-- Data follows --

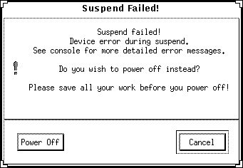 When the system fails to suspend, an alert appears. The exact message within the pop-up window may vary, depending on the cause of the problem, but the Suspend Failed window appears similar to the following figure.
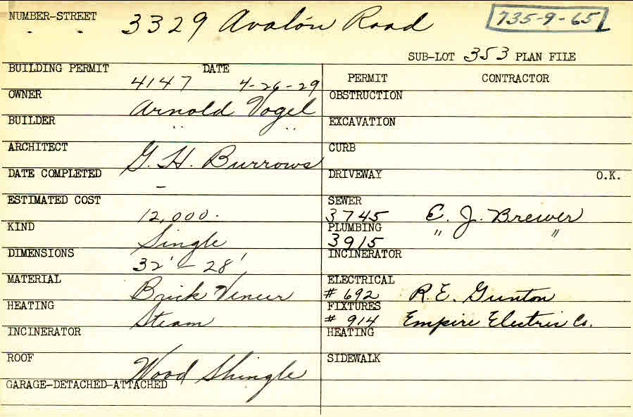 3329 Avalon Road Shaker Heights, OH 44120 PARCEL ID: 735-09-065 Building Permit Date: 04-26-1929 Plan File Number: 830 scanned, 2849 scanned, 4823 Microfilm Roll: Roll011,Roll041, Roll#66 Neighborhood: Fernway Owner: Vogel, Arnold Builder: Vogel, Arnold Architect: Burrows, G. H. Estimated Cost: 12000 Kind: Single, Single Residence or Dwelling Material: Brick Veneer Heating: Steam Roof: Wood Shingle  |
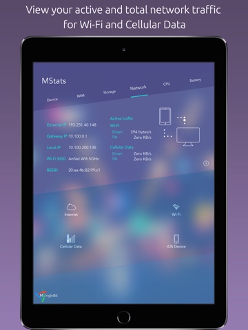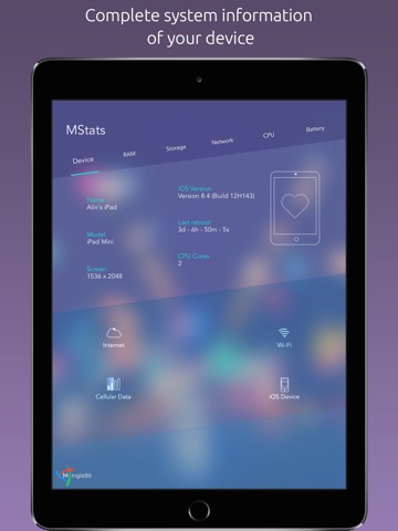View all necessary information about your device and its network connections (Wi-Fi, Cellular Data, Cellular carrier) in a beautiful and unique animated manner and how to optimise your device use.
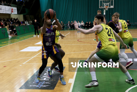 Ігровий момент матчу чемпіонату України з баскетболу серед команд Суперліги між івано-франківським БК "Прикарпаття-Говерла" (жовта форма) та БК "Старий Луцьк", що завершився перемогою господарів майданчика з рахунком 90:77, Дніпро, 31 січня 2026 року.
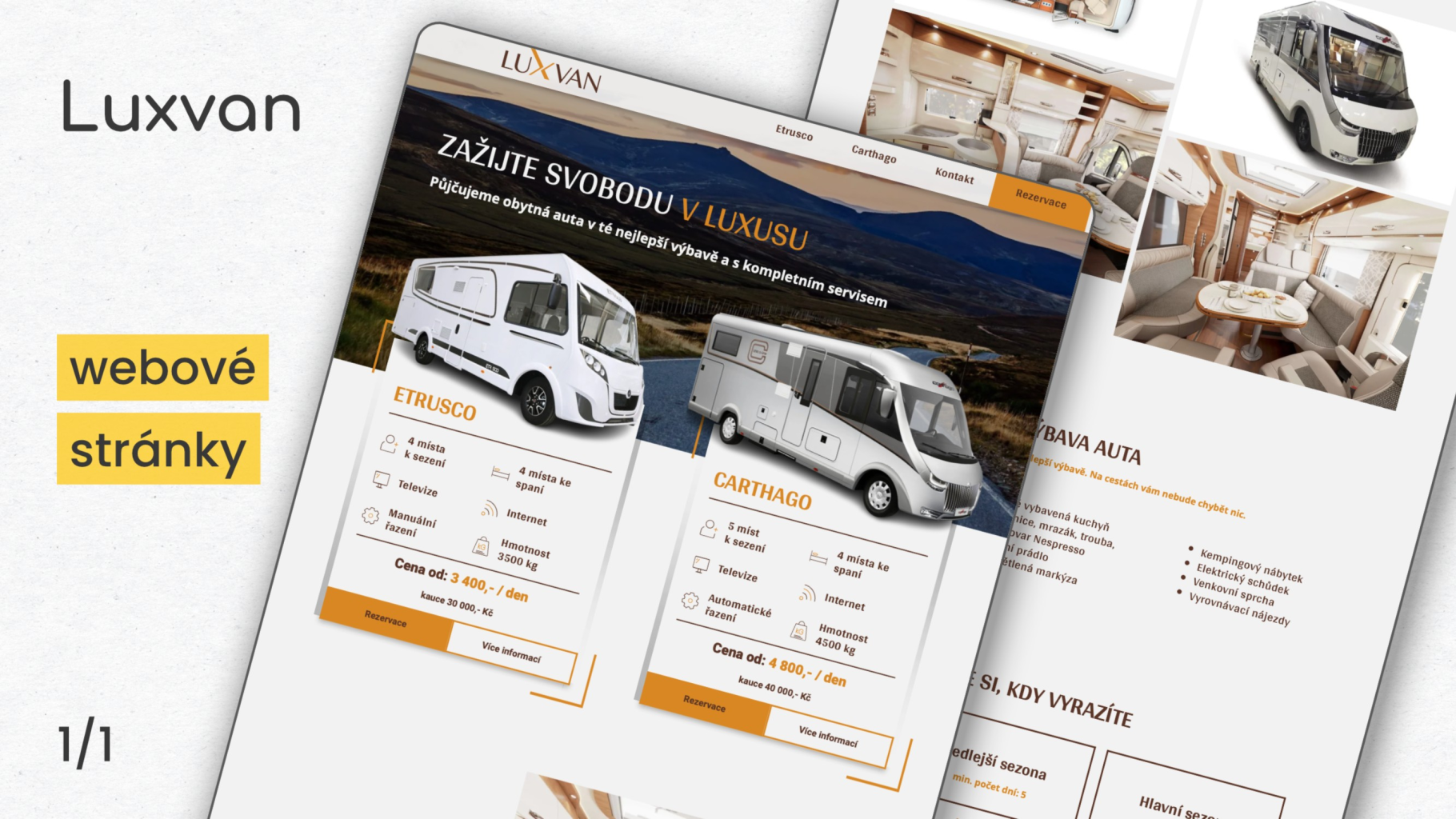 Při tvorbě webu Luxvan jsme začínali úplně od začátku. Jednalo se totiž o nově vznikající projekt, takže bylo potřeba nejprve ustálit vizuální styl a pak teprve navrhnout webdesign. V silné konkurenci na poli pronájmu obytných vozů se chce Luxvan odlišit nadstandardní kvalitou, kterou odráží i moderní styl webových stránek. Návštěvníci webu hned v úvodu získají všechny potřebné informace: typy pronajímaných vozů, vybavení a cenu pronájmu. CTA vede na jednoduchý rezervační formulář, který slouží jako hlavní konverzní nástroj. Důležitou součástí webu jsou přehledné podmínky pronájmu, které jsme zvýraznili sadou ikonek.
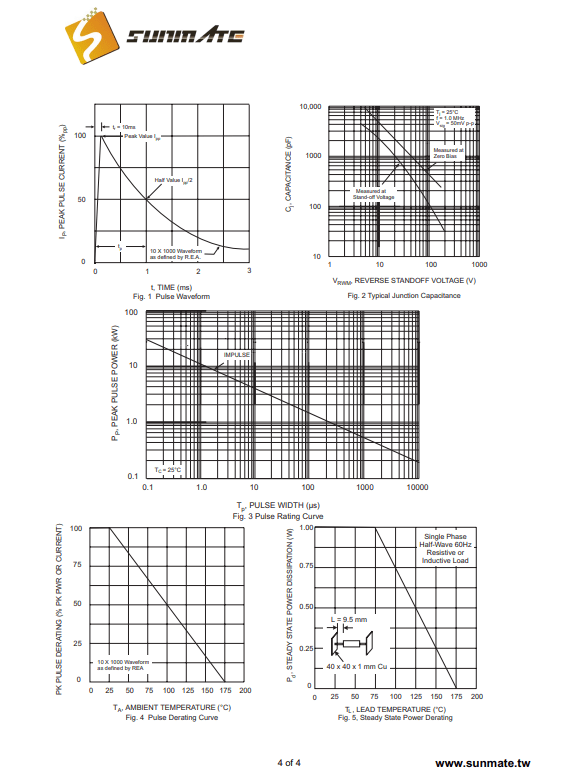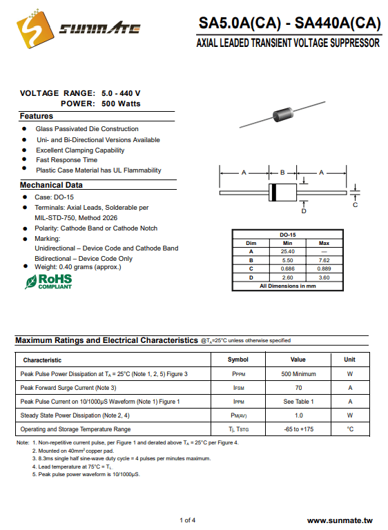 500W峰值脉冲功率能力,a10/10004波,重复率(dutycycle):0.01%高温焊接保证:260*C/10秒
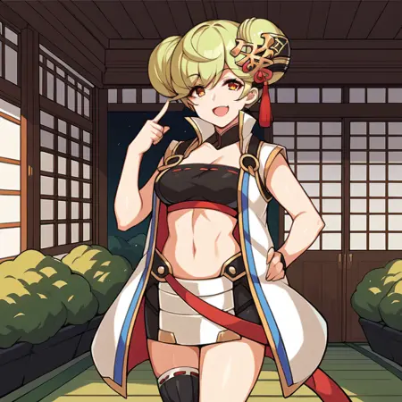 AichanHi3, Aic_JP, 绿发, 发髻, 双发髻, 橙色眼睛, 管状上衣, 黑色管状上衣, 铠甲裙, 迷你裙, 黑色裙子, 日本铠甲, 手腕护具, 蓝色镶边, 白色夹克, 开襟夹克, 无袖夹克, 高领, 分离衣领, 肚脐, 腰部, 发饰, 日本服饰, 纹理过膝袜, 单条过膝袜, 不搭配的裤袜, 黑色过膝袜, 黑色大腿绑带, 交叉绑带, 发带, 单条膝上袜, 棕色膝上袜, 披肩, 白色披肩, 红色流苏,
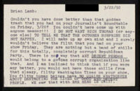States that C-SPAN should advertise the network's contact address, states that intellectuals are deceptive, and accuses Democrats of pretending to be ex-Bush supporters; encloses a letter posing questions about the wisdom of Democratic policies.
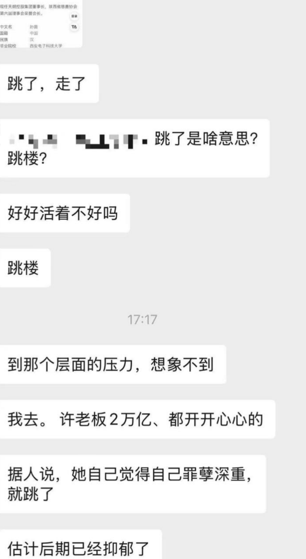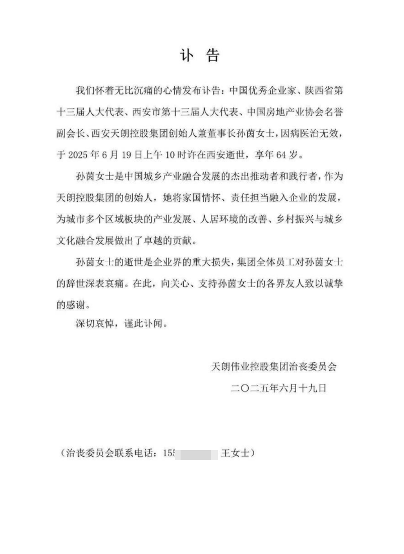 6月19日,陕西西安。天朗集团发布讣告,称董事长孙茵因病去世。天朗地产在西安地产行业占据重要位置,孙茵是前陕西省委副书记孙清云妹妹。当天另有消息称,孙茵系跳楼自杀。
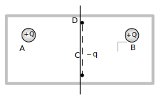 Two similar charges of +Q as shown in figure are placed at points A and B. – q charge is placed at point C midway between A and B. – q charge will oscillate if
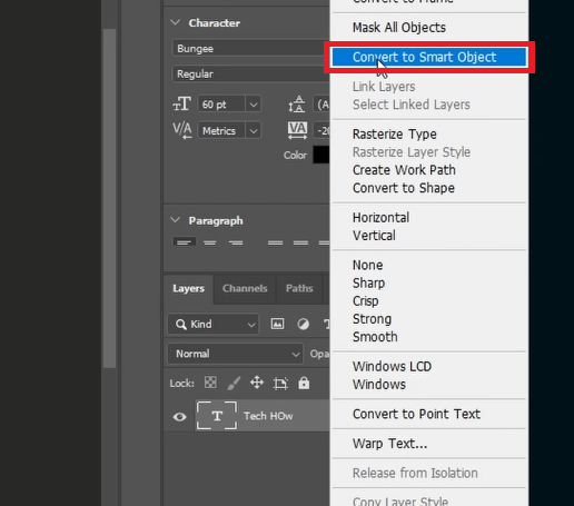 Time to make it yours! Delete the existing text layer labeled “Design” and swap it with your own text or image. For instance, I'll create a new text layer and key in “Tech How”.
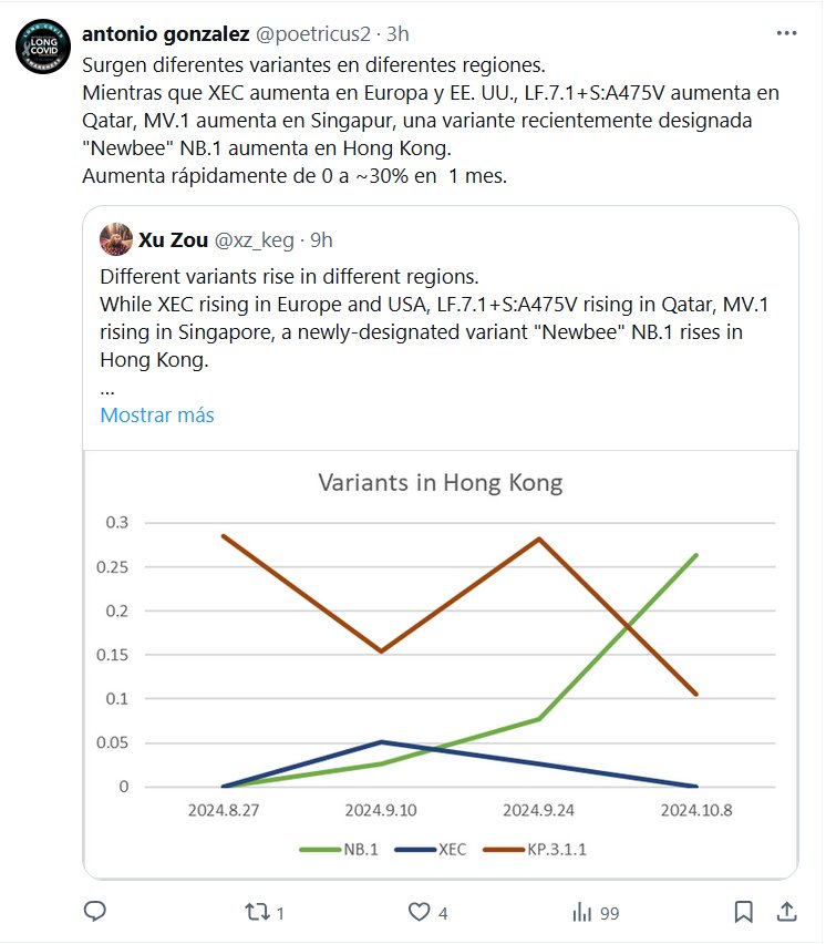 Y EL «FIN DE PANDEMIA»? Surgen diferentes variantes en diferentes regiones. Mientras que XEC aumenta en Europa y EE. UU., LF.7.1+S:A475V aumenta en Qatar, MV.1 aumenta en Singapur, una variante recientemente designada «Newbee» NB.1 aumenta en Hong Kong. Aumenta rápidamente de 0 a ~30% en 1 mes
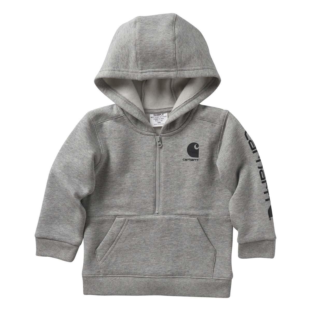 The Carhartt 1/2 Zip Fleece Hoodie is a must-have layer for your little one's wardrobe. The Carhartt 1/2 Zip Fleece Hoodie is made with a durable blend of cotton and polyester. The Carhartt logo is proudly displayed on the sleeve and chest and a half-zip closure makes for easy on and off. Get your little one ready to brave the cold with the Infant Carhartt 1/2 Zip Fleece Hoodie.

-- Data concluded --

Out of the records above, please copy exactly the lines from the line with "Při tvorbě webu" up to and including the line with "a ~30% en 1 mes", minus the pictures.

 Při tvorbě webu Luxvan jsme začínali úplně od začátku. Jednalo se totiž o nově vznikající projekt, takže bylo potřeba nejprve ustálit vizuální styl a pak teprve navrhnout webdesign. V silné konkurenci na poli pronájmu obytných vozů se chce Luxvan odlišit nadstandardní kvalitou, kterou odráží i moderní styl webových stránek. Návštěvníci webu hned v úvodu získají všechny potřebné informace: typy pronajímaných vozů, vybavení a cenu pronájmu. CTA vede na jednoduchý rezervační formulář, který slouží jako hlavní konverzní nástroj. Důležitou součástí webu jsou přehledné podmínky pronájmu, které jsme zvýraznili sadou ikonek.
 500W峰值脉冲功率能力,a10/10004波,重复率(dutycycle):0.01%高温焊接保证:260*C/10秒
 AichanHi3, Aic_JP, 绿发, 发髻, 双发髻, 橙色眼睛, 管状上衣, 黑色管状上衣, 铠甲裙, 迷你裙, 黑色裙子, 日本铠甲, 手腕护具, 蓝色镶边, 白色夹克, 开襟夹克, 无袖夹克, 高领, 分离衣领, 肚脐, 腰部, 发饰, 日本服饰, 纹理过膝袜, 单条过膝袜, 不搭配的裤袜, 黑色过膝袜, 黑色大腿绑带, 交叉绑带, 发带, 单条膝上袜, 棕色膝上袜, 披肩, 白色披肩, 红色流苏,
States that C-SPAN should advertise the network's contact address, states that intellectuals are deceptive, and accuses Democrats of pretending to be ex-Bush supporters; encloses a letter posing questions about the wisdom of Democratic policies.
 6月19日,陕西西安。天朗集团发布讣告,称董事长孙茵因病去世。天朗地产在西安地产行业占据重要位置,孙茵是前陕西省委副书记孙清云妹妹。当天另有消息称,孙茵系跳楼自杀。
 Two similar charges of +Q as shown in figure are placed at points A and B. – q charge is placed at point C midway between A and B. – q charge will oscillate if
 Time to make it yours! Delete the existing text layer labeled “Design” and swap it with your own text or image. For instance, I'll create a new text layer and key in “Tech How”.
 Y EL «FIN DE PANDEMIA»? Surgen diferentes variantes en diferentes regiones. Mientras que XEC aumenta en Europa y EE. UU., LF.7.1+S:A475V aumenta en Qatar, MV.1 aumenta en Singapur, una variante recientemente designada «Newbee» NB.1 aumenta en Hong Kong. Aumenta rápidamente de 0 a ~30% en 1 mes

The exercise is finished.